Africa is urbanizing faster than any continent in history. By 2050, the urban population will more than double, adding 900 million people to African cities. This demographic transformation, combined with rising consumer spending and e-commerce adoption, is creating structural demand for modern logistics infrastructure that barely exists today.
The supply gap is stark. Institutional-grade logistics space in sub-Saharan Africa is measured in single-digit millions of square meters—a fraction of what exists in markets with comparable populations and economic activity. Nairobi, Lagos, and Johannesburg each have more unmet demand than total existing supply.
E-commerce is accelerating the opportunity. While online retail penetration remains low by global standards, growth rates are exceptional. Markets like Nigeria, Kenya, and South Africa are seeing e-commerce GMV growth exceeding 25% annually. This growth requires last-mile fulfillment infrastructure that current stock cannot support.
Development economics are favorable. Land costs, while rising, remain below replacement cost for existing assets in many markets. Construction costs are elevated due to import dependencies but are increasingly offset by rental growth. Yields for institutional-quality assets significantly exceed those available in developed markets.

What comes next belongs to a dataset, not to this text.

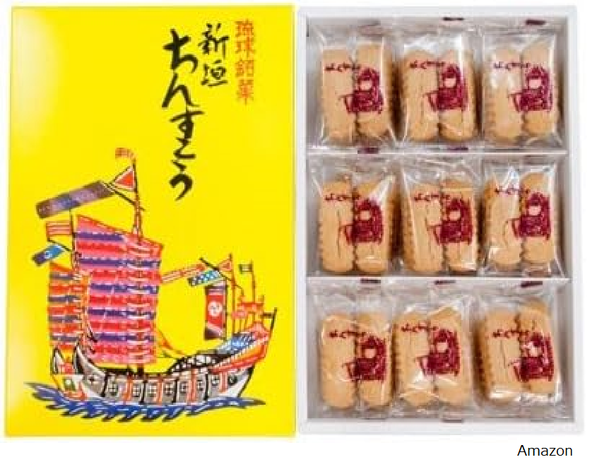 ギザギザがない丸みを帯びた形で、さくさくほろり、ほどけるような食感のちんすこうです。新垣菓子店とパッケージが似ていますが、守礼門が描かれているのが名嘉真製菓本舗のちんすこうです。
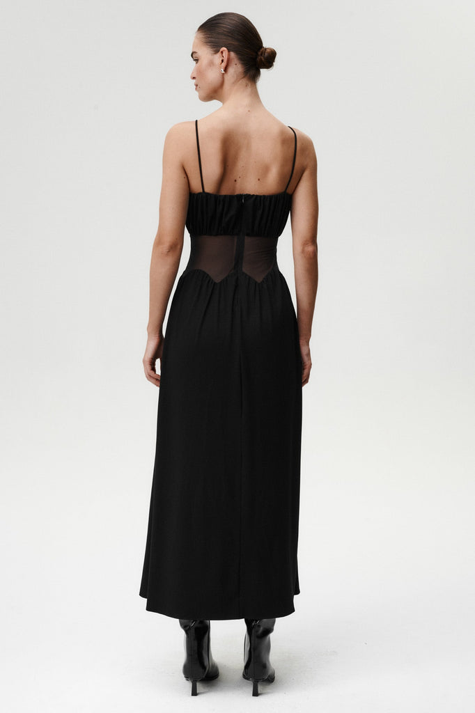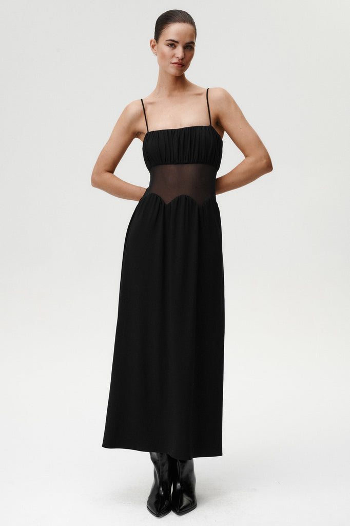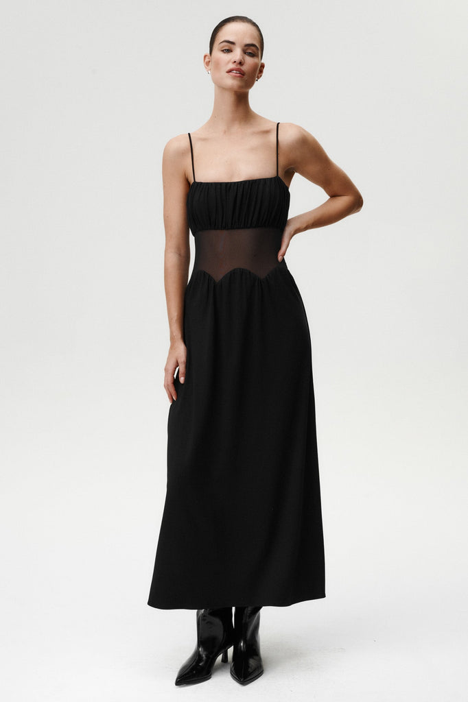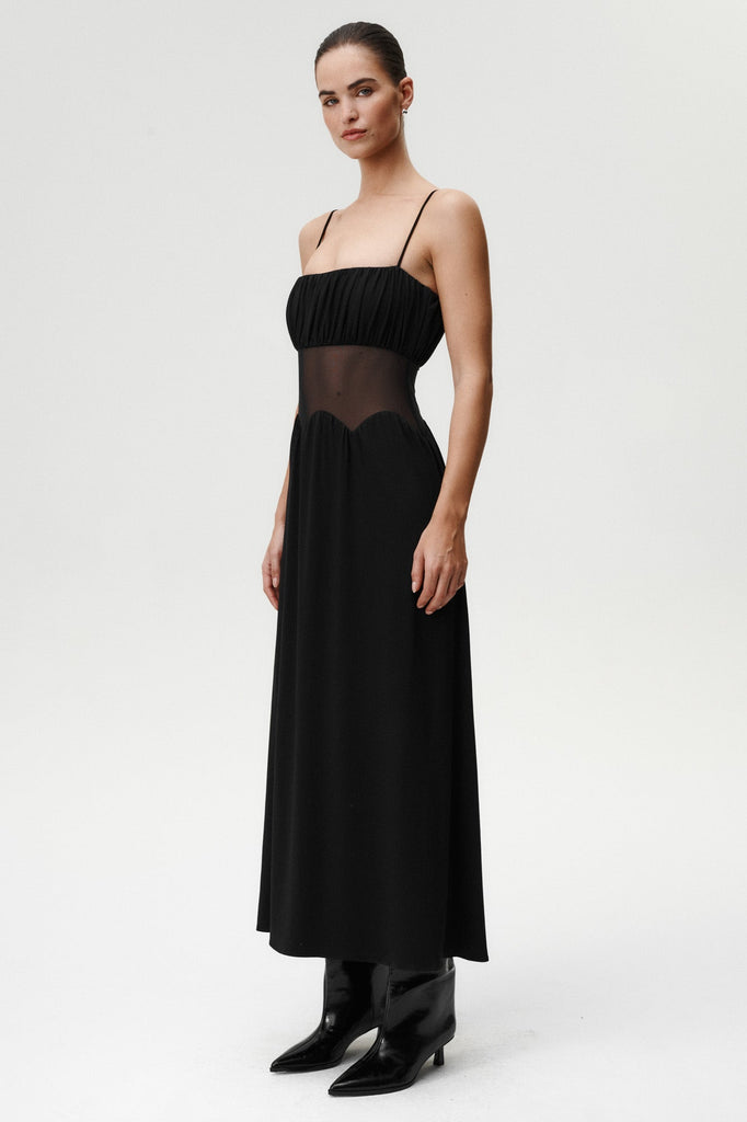 Graceful meets seductive in the La Perla Dress — a captivating midi silhouette that embodies effortless sophistication. With two delicate straps and a flowing fit, it evokes the feeling of a ballerina in motion. A sculpted wave detail at the waist blends sheer mesh and soft viscose, offering a subtle reveal that’s both elegant and sensual. Underneath, a built-in bodysuit ensures the mesh lays flawlessly against the body while providing comfort and ease. Feminine, refined, and beautifully bold, the La Perla lets you move like a dancer — light, confident, and unforgettable.

Challenges are real but manageable. Title security requires careful due diligence in many jurisdictions. Infrastructure deficiencies—particularly power reliability—necessitate capital expenditure for backup systems. Currency volatility demands sophisticated treasury management. These factors require experienced local partners.
For investors with appropriate risk tolerance and time horizons, African logistics represents a rare combination of structural demand drivers and limited competition. The window of opportunity is finite—first movers establishing platform positions will be difficult to displace.